Stored data
■ ■ ■ ■ ■ ■ ■

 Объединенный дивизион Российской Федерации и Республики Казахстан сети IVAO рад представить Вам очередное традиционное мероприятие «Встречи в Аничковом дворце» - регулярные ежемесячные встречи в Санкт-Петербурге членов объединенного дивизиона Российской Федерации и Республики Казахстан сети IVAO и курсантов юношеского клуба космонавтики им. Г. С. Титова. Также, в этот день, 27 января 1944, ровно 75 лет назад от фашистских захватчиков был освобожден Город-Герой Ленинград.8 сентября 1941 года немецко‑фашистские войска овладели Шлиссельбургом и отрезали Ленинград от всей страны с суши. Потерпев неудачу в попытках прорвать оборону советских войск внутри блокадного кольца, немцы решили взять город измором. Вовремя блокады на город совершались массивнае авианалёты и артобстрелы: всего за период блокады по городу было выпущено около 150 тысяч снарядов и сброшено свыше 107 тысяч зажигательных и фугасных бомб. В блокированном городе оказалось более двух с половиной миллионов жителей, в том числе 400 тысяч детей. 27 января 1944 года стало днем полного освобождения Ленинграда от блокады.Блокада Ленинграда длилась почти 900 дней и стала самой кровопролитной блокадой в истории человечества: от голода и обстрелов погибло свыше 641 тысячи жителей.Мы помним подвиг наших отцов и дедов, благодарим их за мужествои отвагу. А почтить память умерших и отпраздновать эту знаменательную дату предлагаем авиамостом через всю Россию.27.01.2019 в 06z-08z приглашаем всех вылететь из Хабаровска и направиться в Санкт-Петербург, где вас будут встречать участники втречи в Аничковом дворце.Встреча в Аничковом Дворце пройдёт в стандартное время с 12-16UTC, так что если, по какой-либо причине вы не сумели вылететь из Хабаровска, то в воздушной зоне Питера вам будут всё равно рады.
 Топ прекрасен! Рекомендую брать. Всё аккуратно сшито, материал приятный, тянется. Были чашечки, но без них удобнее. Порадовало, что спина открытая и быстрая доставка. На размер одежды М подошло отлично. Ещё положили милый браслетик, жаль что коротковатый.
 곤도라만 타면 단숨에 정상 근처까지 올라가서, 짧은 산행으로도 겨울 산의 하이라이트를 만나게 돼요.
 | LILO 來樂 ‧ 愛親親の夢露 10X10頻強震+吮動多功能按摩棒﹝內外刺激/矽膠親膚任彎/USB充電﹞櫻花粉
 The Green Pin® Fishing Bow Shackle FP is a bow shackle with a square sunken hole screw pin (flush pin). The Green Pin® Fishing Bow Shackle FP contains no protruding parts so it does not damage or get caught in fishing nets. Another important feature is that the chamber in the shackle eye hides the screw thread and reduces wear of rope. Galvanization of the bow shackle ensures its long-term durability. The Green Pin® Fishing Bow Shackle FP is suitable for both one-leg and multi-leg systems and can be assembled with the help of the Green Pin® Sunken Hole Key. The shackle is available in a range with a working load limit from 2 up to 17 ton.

■ ■ ■ ■ ■ ■ ■

- Work to complete -
Could every entry be given again exactly, with no line skipped?

- Solution to the problem -
 Объединенный дивизион Российской Федерации и Республики Казахстан сети IVAO рад представить Вам очередное традиционное мероприятие «Встречи в Аничковом дворце» - регулярные ежемесячные встречи в Санкт-Петербурге членов объединенного дивизиона Российской Федерации и Республики Казахстан сети IVAO и курсантов юношеского клуба космонавтики им. Г. С. Титова. Также, в этот день, 27 января 1944, ровно 75 лет назад от фашистских захватчиков был освобожден Город-Герой Ленинград.8 сентября 1941 года немецко‑фашистские войска овладели Шлиссельбургом и отрезали Ленинград от всей страны с суши. Потерпев неудачу в попытках прорвать оборону советских войск внутри блокадного кольца, немцы решили взять город измором. Вовремя блокады на город совершались массивнае авианалёты и артобстрелы: всего за период блокады по городу было выпущено около 150 тысяч снарядов и сброшено свыше 107 тысяч зажигательных и фугасных бомб. В блокированном городе оказалось более двух с половиной миллионов жителей, в том числе 400 тысяч детей. 27 января 1944 года стало днем полного освобождения Ленинграда от блокады.Блокада Ленинграда длилась почти 900 дней и стала самой кровопролитной блокадой в истории человечества: от голода и обстрелов погибло свыше 641 тысячи жителей.Мы помним подвиг наших отцов и дедов, благодарим их за мужествои отвагу. А почтить память умерших и отпраздновать эту знаменательную дату предлагаем авиамостом через всю Россию.27.01.2019 в 06z-08z приглашаем всех вылететь из Хабаровска и направиться в Санкт-Петербург, где вас будут встречать участники втречи в Аничковом дворце.Встреча в Аничковом Дворце пройдёт в стандартное время с 12-16UTC, так что если, по какой-либо причине вы не сумели вылететь из Хабаровска, то в воздушной зоне Питера вам будут всё равно рады.
 Топ прекрасен! Рекомендую брать. Всё аккуратно сшито, материал приятный, тянется. Были чашечки, но без них удобнее. Порадовало, что спина открытая и быстрая доставка. На размер одежды М подошло отлично. Ещё положили милый браслетик, жаль что коротковатый.
 곤도라만 타면 단숨에 정상 근처까지 올라가서, 짧은 산행으로도 겨울 산의 하이라이트를 만나게 돼요.
 | LILO 來樂 ‧ 愛親親の夢露 10X10頻強震+吮動多功能按摩棒﹝內外刺激/矽膠親膚任彎/USB充電﹞櫻花粉
 The Green Pin® Fishing Bow Shackle FP is a bow shackle with a square sunken hole screw pin (flush pin). The Green Pin® Fishing Bow Shackle FP contains no protruding parts so it does not damage or get caught in fishing nets. Another important feature is that the chamber in the shackle eye hides the screw thread and reduces wear of rope. Galvanization of the bow shackle ensures its long-term durability. The Green Pin® Fishing Bow Shackle FP is suitable for both one-leg and multi-leg systems and can be assembled with the help of the Green Pin® Sunken Hole Key. The shackle is available in a range with a working load limit from 2 up to 17 ton.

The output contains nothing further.